- Task objective: Exact copy, pictures excluded: output the lines from the opening of the entries through the line bearing "Aventure 1 km.".

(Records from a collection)
::::::::::

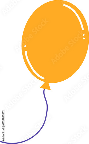 Fototapeta premium Orange balloon floating in flat design with glossy highlights, purple cord, transparent background
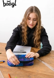Con un patrón en azul y violeta y el logotipo de baagl, este estuche combina estética moderna y funcionalidad en uno.
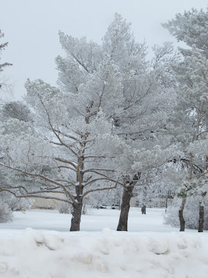 On one of my particularly dark days, I had lunch with Nikka in her apartment---always a respite, partly because we talk of anything except my mood. As I went down her stairs, which are outside (she lives in the second storey apartment of an old house), I slipped down the last five of her snowy steps, losing both my shoes and badly bruising the leg that was behind me when I slipped. "Shit!" I yelled at the universe, at the clouds, at whoever would listen. "I can't do this! I've had enough!" In my stocking feet, I stumbled through six inches of snow under her stairs where I found both my shoes. I got into the car to cry. You have to realize that falling (again) sets off my whole sense that my body is becoming incompetent, the worst symptom being vertigo that leads people, I am quite sure, to believe I am perpetually drunk. But my little camera was in the cup holder because my task for that afternoon was to take photographs of the startling hoarfrost. So I drove into Wascana Park and was stopped--pulled up--by beauty. What is this earth and her nature that gives us such beauty?
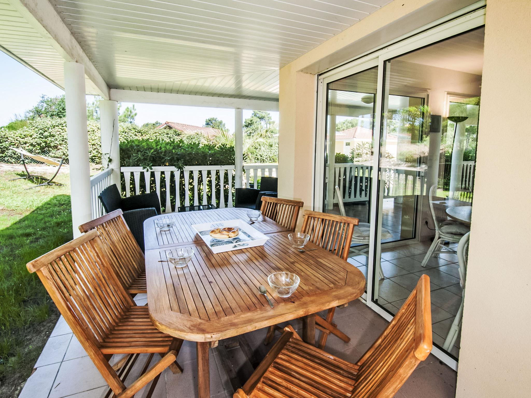 Single-family house "Eden Parc". Outside the resort, 2.5 km from the centre, 3 km from the lake, on the golf course. Private: garden 1'400 m2 (fenced), swimming pool (5 x 9 m, depth 30 - 190 cm, seasonal availability: 01.Jun. - 30.Sep.) with internal staircase and alarm system. Parking on the premises. Shop 2.5 km, grocery 2.5 km, supermarket 4 km, restaurant 250 m, bus stop "Le Huga" 3.3 km, sandy beach 2.5 km. Golf course (18 hole) 500 m, tennis, indoor tennis centre 750 m, riding stable 15 km. Nearby attractions: Parcours Aventure 1 km.
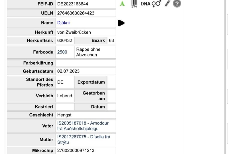Zum Verkauf steht ein Fohlen/ Absetzter. Er wurde bei uns an der Fohlenbeurteilung gezeigt und konnte hierbei super abschneiden. Exterieur: 7,90 Interieur: 8,10 Gänge: 7,90 Gesamt: 7,94 Richterspruch: Hoch aufgerichtetes Fohlen mit gleich viel Trab und Tölt, schnellen Reaktionen und guter Lauftreude bei guter Bewegungsenergie und Ausdruck. Er wird nächsten Monat abgesetzt. Gerne bei uns melden.
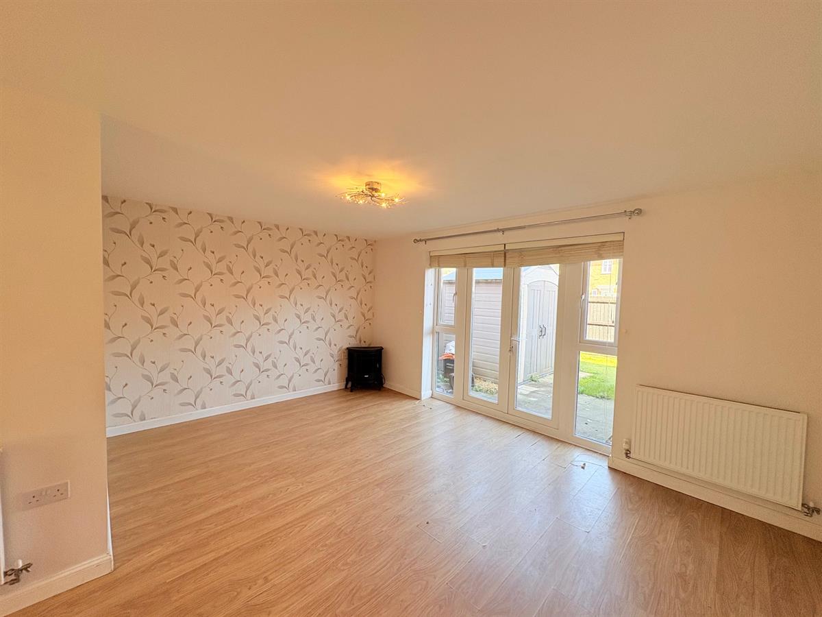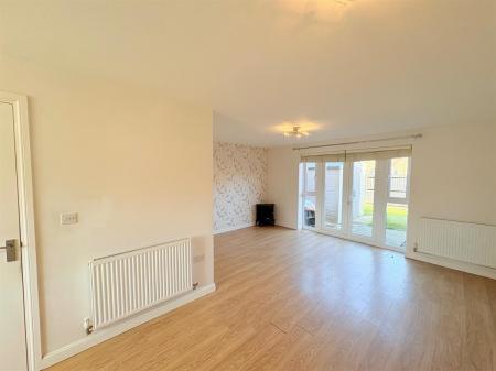 To the Lounge, plain ceiling, plain walls, carpet flooring, radiator, dining area, UPVC double glazed French doors leading to rear garden.

::::::::::

- Written solution:
 Fototapeta premium Orange balloon floating in flat design with glossy highlights, purple cord, transparent background
Con un patrón en azul y violeta y el logotipo de baagl, este estuche combina estética moderna y funcionalidad en uno.
 On one of my particularly dark days, I had lunch with Nikka in her apartment---always a respite, partly because we talk of anything except my mood. As I went down her stairs, which are outside (she lives in the second storey apartment of an old house), I slipped down the last five of her snowy steps, losing both my shoes and badly bruising the leg that was behind me when I slipped. "Shit!" I yelled at the universe, at the clouds, at whoever would listen. "I can't do this! I've had enough!" In my stocking feet, I stumbled through six inches of snow under her stairs where I found both my shoes. I got into the car to cry. You have to realize that falling (again) sets off my whole sense that my body is becoming incompetent, the worst symptom being vertigo that leads people, I am quite sure, to believe I am perpetually drunk. But my little camera was in the cup holder because my task for that afternoon was to take photographs of the startling hoarfrost. So I drove into Wascana Park and was stopped--pulled up--by beauty. What is this earth and her nature that gives us such beauty?
 Single-family house "Eden Parc". Outside the resort, 2.5 km from the centre, 3 km from the lake, on the golf course. Private: garden 1'400 m2 (fenced), swimming pool (5 x 9 m, depth 30 - 190 cm, seasonal availability: 01.Jun. - 30.Sep.) with internal staircase and alarm system. Parking on the premises. Shop 2.5 km, grocery 2.5 km, supermarket 4 km, restaurant 250 m, bus stop "Le Huga" 3.3 km, sandy beach 2.5 km. Golf course (18 hole) 500 m, tennis, indoor tennis centre 750 m, riding stable 15 km. Nearby attractions: Parcours Aventure 1 km.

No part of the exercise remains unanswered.